Member of the Eastern Cape Provincial Legislature
- In office 6 May 2009 – 30 April 2023

Personal details
- Born: 15 May 1956 (age 69) Port Elizabeth, Cape Province, Union of South Africa
- Party: Democratic Alliance (2000–2023)
- Spouse: Charmaine (died 2017)
- Children: 2
- Education: Paterson High School
- Alma mater: University of the Western Cape (BSc)
- Profession: Educator Politician

= Edmund van Vuuren =

Retired South African politician and educator

Peter Edmund van Vuuren (born 15 May 1956) is a retired South African politician and educator who served as a Democratic Alliance member of the Eastern Cape Provincial Legislature from 2009 until 2023.
==Early life and education==
Van Vuuren was born on 15 May 1956 in Port Elizabeth. He matriculated from Paterson High School in 1973 and obtained a Bachelor of Science and Higher Diploma in Education from the University of the Western Cape in 1979.
==Teaching career==
Van Vuuren started his teaching career as a mathematics teacher responsible for teaching matriculants at Chapman Secondary School in Port Elizabeth. He was appointed principal of Hillside High School in 1992 and served in this position until his election to the Eastern Cape Provincial Legislature in 2009.
==Political career==
Van Vuuren became a member of the Democratic Alliance in 2000. In 2006, he was elected a DA councillor of Nelson Mandela Bay. During his tenure on the city council, he served on the budget and treasury committee.

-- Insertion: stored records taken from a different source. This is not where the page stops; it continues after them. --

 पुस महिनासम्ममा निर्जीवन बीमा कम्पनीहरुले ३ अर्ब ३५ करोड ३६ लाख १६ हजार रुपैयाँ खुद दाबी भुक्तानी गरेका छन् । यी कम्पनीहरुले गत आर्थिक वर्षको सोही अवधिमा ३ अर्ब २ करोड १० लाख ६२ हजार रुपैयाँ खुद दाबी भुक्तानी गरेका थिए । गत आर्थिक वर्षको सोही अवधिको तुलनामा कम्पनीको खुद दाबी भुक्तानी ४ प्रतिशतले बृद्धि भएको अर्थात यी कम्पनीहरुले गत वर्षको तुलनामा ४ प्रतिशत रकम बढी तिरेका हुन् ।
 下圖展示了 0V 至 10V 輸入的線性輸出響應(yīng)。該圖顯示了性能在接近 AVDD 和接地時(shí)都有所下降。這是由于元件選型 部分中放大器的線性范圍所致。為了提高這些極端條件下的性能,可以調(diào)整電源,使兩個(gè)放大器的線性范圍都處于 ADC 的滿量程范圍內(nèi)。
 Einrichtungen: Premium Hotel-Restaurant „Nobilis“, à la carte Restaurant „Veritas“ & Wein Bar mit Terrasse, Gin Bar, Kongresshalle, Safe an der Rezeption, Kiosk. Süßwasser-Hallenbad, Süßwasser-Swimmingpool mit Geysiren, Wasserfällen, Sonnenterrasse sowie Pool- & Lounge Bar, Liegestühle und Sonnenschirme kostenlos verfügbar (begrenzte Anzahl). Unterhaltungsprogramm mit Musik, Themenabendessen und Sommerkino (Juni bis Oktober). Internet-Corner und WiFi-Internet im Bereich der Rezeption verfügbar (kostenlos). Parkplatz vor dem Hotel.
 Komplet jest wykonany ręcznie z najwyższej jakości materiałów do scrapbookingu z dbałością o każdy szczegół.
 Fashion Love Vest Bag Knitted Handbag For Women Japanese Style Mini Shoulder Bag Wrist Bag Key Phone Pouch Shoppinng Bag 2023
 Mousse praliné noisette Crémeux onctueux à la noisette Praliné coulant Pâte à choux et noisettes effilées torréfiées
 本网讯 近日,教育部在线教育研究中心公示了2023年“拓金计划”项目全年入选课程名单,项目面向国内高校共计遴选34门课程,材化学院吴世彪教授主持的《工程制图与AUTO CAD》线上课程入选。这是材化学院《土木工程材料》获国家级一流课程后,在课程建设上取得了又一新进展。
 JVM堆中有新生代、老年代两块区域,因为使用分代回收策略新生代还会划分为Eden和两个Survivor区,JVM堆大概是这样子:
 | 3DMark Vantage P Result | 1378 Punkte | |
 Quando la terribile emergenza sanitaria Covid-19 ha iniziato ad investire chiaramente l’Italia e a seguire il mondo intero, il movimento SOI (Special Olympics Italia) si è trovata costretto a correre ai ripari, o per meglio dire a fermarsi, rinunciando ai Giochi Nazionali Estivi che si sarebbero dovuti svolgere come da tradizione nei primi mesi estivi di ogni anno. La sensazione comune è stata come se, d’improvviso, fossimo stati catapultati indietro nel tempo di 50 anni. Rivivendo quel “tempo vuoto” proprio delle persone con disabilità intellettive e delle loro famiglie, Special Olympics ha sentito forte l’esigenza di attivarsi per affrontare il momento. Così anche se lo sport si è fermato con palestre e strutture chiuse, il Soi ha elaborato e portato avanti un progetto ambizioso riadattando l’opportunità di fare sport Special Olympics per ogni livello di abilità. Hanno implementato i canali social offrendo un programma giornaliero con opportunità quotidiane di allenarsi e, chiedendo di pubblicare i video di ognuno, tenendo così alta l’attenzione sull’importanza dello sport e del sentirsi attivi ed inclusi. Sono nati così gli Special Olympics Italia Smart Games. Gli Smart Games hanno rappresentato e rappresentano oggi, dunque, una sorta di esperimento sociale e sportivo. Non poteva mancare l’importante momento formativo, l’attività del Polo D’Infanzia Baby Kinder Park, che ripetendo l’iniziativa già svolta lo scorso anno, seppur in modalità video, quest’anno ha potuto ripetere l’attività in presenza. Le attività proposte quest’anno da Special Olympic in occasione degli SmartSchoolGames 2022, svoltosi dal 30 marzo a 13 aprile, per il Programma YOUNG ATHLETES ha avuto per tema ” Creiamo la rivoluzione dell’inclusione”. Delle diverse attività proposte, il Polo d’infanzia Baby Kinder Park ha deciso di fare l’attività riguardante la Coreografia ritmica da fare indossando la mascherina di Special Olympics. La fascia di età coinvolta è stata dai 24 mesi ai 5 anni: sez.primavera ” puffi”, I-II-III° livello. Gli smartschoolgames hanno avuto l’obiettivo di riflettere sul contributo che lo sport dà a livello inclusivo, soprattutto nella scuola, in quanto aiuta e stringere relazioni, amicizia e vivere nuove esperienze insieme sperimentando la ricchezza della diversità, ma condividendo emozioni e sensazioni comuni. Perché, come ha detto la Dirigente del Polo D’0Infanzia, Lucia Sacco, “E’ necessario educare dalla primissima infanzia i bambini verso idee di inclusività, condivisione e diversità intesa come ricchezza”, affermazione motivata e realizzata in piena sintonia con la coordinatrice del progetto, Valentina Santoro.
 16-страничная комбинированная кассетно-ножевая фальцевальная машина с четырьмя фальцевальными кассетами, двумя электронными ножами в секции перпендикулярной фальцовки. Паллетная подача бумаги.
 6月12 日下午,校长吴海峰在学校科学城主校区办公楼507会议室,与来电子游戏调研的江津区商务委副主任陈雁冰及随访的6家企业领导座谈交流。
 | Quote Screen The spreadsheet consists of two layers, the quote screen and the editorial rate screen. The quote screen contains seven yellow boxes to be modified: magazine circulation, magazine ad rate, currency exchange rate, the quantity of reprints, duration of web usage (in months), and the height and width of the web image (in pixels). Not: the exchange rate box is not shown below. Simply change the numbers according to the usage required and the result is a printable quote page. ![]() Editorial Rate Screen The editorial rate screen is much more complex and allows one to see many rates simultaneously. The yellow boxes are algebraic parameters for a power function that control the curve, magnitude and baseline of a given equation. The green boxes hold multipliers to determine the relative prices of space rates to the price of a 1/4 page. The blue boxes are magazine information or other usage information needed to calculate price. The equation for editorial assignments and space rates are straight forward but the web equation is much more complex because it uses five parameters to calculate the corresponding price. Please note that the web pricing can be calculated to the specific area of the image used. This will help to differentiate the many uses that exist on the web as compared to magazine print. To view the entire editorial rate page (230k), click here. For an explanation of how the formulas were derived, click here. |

Van Vuuren successfully stood for election to the Eastern Cape Provincial Legislature as a DA representative in 2009. He was subsequently re-elected twice, in 2014 and in 2019.

On 3 May 2023, HeraldLIVE reported that Van Vuuren had resigned from the provincial legislature and retired from active politics on 30 April 2023 after notifying the DA several weeks ago about his intentions. Van Vuuren said that his children had encouraged him to resign because of a medical problem that affects his neck.
==Personal life==
Van Vuuren's wfie, Charmaine, died in early 2017. He had two children with her.